Independente de pandemia, pacientes com doenças crônicas devem continuar tratamentos, alerta médicos

Com evasão de pacientes com tratamentos continuados dos hospitais, mortes em casa e sem socorro aumentam

Estudo realizado pelo Angioplasty.org mostrou redução na procura por atendimento emergencial de pacientes cardíacos em 50% em Nova York, durante a pandemia de coronavírus. Ao mesmo tempo, houve um aumento de 800% no número de pessoas que morreram em casa em decorrência de um ataque cardíaco na localidade.

Por isso, médicos chamam atenção para que pessoas com problemas crônicos não deixem de procurar atendimento em razão da Covid-19, quando se tratar de uma emergência. Tratamentos continuados também não devem ser interrompidos. Profissionais de saúde relatam evasão de 70% desses pacientes dos hospitais durante a pandemia.

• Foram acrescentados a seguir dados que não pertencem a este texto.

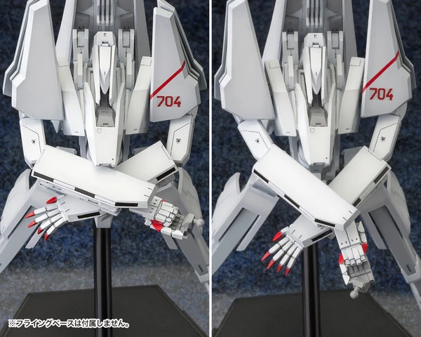 The Garde’s main weapon, the Kabizashi spear, is also included. The arm-mounted Artificial Retractable Kabizashi can be extended and also swapped out. The arm-mounted cutter can also be recreated by exchanging parts. Users can also recreate the quadrupedal mode that has yet to be seen in the series.
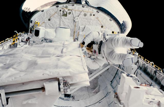 41G-13-032 (11 Oct. 1984) --- Astronaut Kathryn D. Sullivan checks the latch of the SIR-B antenna in the space shuttle Challenger's open cargo bay during her historic extravehicular activity (EVA) on Oct. 11, 1984. Earlier, America's first woman to perform an EVA and astronaut David C. Leestma, participated in an in-space simulation of refueling a spacecraft in orbit. The Orbital Refueling System (ORS) is just beyond the astronaut mission specialist's helmet. To the left is the Large Format Camera (LFC). The LFC and ORS are stationed on a device called the Mission Peculiar Support Structure (MPESS). Crew members consisted of astronauts Robert L. Crippen, commander; Jon A. McBride, pilot; along with Kathryn D. Sullivan, Sally K. Ride, and David D. Leestma, all mission specialists; and Canadian astronaut Marc Garneau and Paul D. Scully-Power, both payload specialist. EDITOR'S NOTE: The STS-41G mission had the first American female EVA (Sullivan); first seven-person crew; first orbital fuel transfer; and the first Canadian (Garneau).
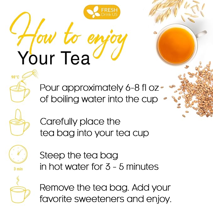 - ☘️ STEP TO ENJOY BARLEY LEAVES TEA BAG: Place 1 Barley tea bag into your favorite cup or mug. Add approximately 8 fl oz of hot water, and leave to steep for about 3-5 minutes. Savor it hot for a comforting and calming experience.

De acordo com Leonardo Rocha-Carneiro Garcia-Zapata, neurocirugião, o Acidente Vascular Cerebral (AVC) é a segunda maior causa de morte no mundo, atrás apenas de doenças isquêmicas do coração (Infarto Agudo do Miocárdio). Ele explica que as duas são muito graves e precisam de atenção imediata.

Por esse motivo, pacientes cardíacos, além de portadores de diabetes, câncer e outras patologias graves e de tratamento continuado não podem, em hipótese alguma, deixarem as consultas para depois. Além dos riscos da própria doença, o paciente deve manter o acompanhamento médico, inclusive, por estar no grupo de risco da Covid-19.


O Ministério da Saúde informou no início de abril que 8 em cada 10 mortes pela infecção provocada pela SARS-COV-2 tinham fator de risco associada. Cardiopatas representam 57% dos óbitos, portadores de diabetes 40%, quadros de pneumonia 16%, e doenças neurológicas 10,5%.